Pour cette fois, la démarche choisie consiste à se cacher derrière le credo démocratique. Il ne s’agit plus de s’imposer en coupant les mains, selon le style du Roi Léopold II, ni d’apporter les lumières de la religion et de la culture occidentale, mais de se faire le vecteur d’une valeur acceptée universellement, bien entendu, ici tronquée pour le besoin de la cause : la démocratie.

Pour la Belgique, la démocratie au Congo consiste, par la propagande, la dissimulation et le mensonge, à imposer un homme : Moïse Katumbi.

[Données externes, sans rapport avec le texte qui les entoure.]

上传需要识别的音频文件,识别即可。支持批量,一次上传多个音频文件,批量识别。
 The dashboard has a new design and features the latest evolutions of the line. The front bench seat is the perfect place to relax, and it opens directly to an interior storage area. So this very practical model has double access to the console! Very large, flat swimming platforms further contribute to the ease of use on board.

Partout dans le monde, les élections viennent comme l’instance du choix des représentants légitimes du peuple. Pour qu’une élection soit crédible, elle doit répondre à un certain nombre des critères, au premier rang  desquels, il y a la liberté de choix. Il y a également l’obligation de faire que toute personne en droit de voter participe à l’opération. Plus que tout, une élection concerne d’abord le peuple qui doit élire ses représentants et celui qui aura la charge suprême de conduire l’Etat.

Aucune élection valable ne peut se réaliser en laissant de côté une fraction importante de la population.

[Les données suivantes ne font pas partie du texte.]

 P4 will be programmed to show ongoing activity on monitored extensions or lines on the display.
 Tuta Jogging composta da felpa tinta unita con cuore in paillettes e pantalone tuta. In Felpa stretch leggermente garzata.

Les démocrates congolais doivent donc se mobiliser pour, une fois de plus, résister à la tentative belge de nous imposer des hommes à eux, par l’entremise d’une élection qui exclurait une partie importante de la population congolaise. Il y a là, une manœuvre préparée pour mettre notre pays à feu et à sang. Ainsi, organiser les élections en RDC sans le Kasaï, c’est admettre que les Institutions peuvent fonctionner sans la participation d’environ 1/5 de la population. Ce faisant, nous mettrons, par cet acte, un pas dangereux dans le processus de balkanisation.